The way the terrorists really hurt us was by making us create the department of Homeland Security in the first place. It has become no more than a pork-barrel political gorging fest. The TSA (Thousands Standing Around) just took the private-sector security guards in ill-fitting blazers and government-issue polyester pants and turned them into a unionized, overweight, overpaid, rigid group that frisks grandmothers on their way to Florida. We now have to bring our carry-on bags to some woman who is about 5′-1″ and pushing the deuce on weight. Her pants are so tight, the zipper looks like gold teeth. Is this really what you want? Your first line of defense against the terrorist is a woman smacking gum and telling you to stay eight feet away from her while rolling her eyes and flirting with her male counterpart?

It has been almost six years since 9/11, and they still do not have a card that safe Americans can get that would move us through the airport line more quickly. Just how long does that take?

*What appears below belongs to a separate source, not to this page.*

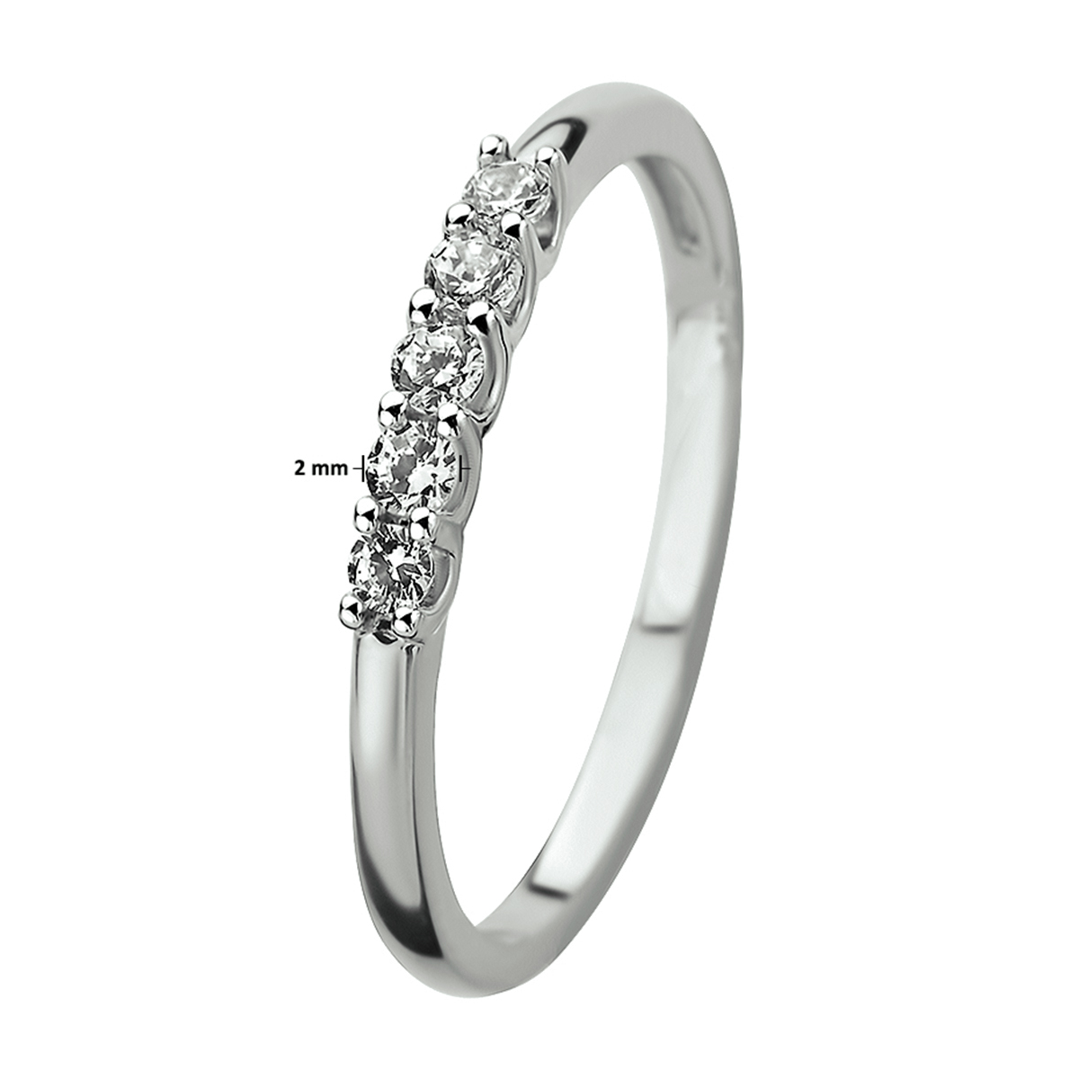 14k Witgouden ring met een schitterende zirkonia rij. De ring heeft een breedte van 2mm.

You ask a few questions, you check the person out, and you issue the card. Equifax and Blockbuster can do it in an hour.

And how about some shoehorns at the end of the security line? Millions fly each year and take off their shoes. How long would it take a business to figure out that providing shoehorns would be a good idea?

You cannot count on the U.S. government, people. The sooner you realize that, the sooner you will stop being disappointed. We got Paris Hilton behind bars, but Osama bin Laden, an old millionaire hooked to a dialysis machine, is still running around. Remember, he was sweet on Anna Nicole Smith. Now that she has died, our only real chance of catching bin Laden is gone.

We have to believe in ourselves, not the federal government. Olympic bomber Eric Rudolph was caught by a small-town, off-duty cop. The “terrorist ring” in New Jersey was foiled by a Circuit City employee. (The guy was good: He not only caught them but sold them a bunch of junk that they didn’t need with extended warranties.) There are your true heroes, not the self-important bureaucrats in government. I really believe that politicians are agents of the devil, yet their duties are largely ceremonial.

What we need to do is secure our borders with our soldiers. We have nobly tried to help Iraq. However, as we have learned time and time again, you cannot help those who are unwilling to help themselves. If we are beaten by the terrorists, it will be in the same way the Soviet Union lost to us: We will be pushed into fiscal bankruptcy by politicians pouring money down a black hole in wars that need not be fought.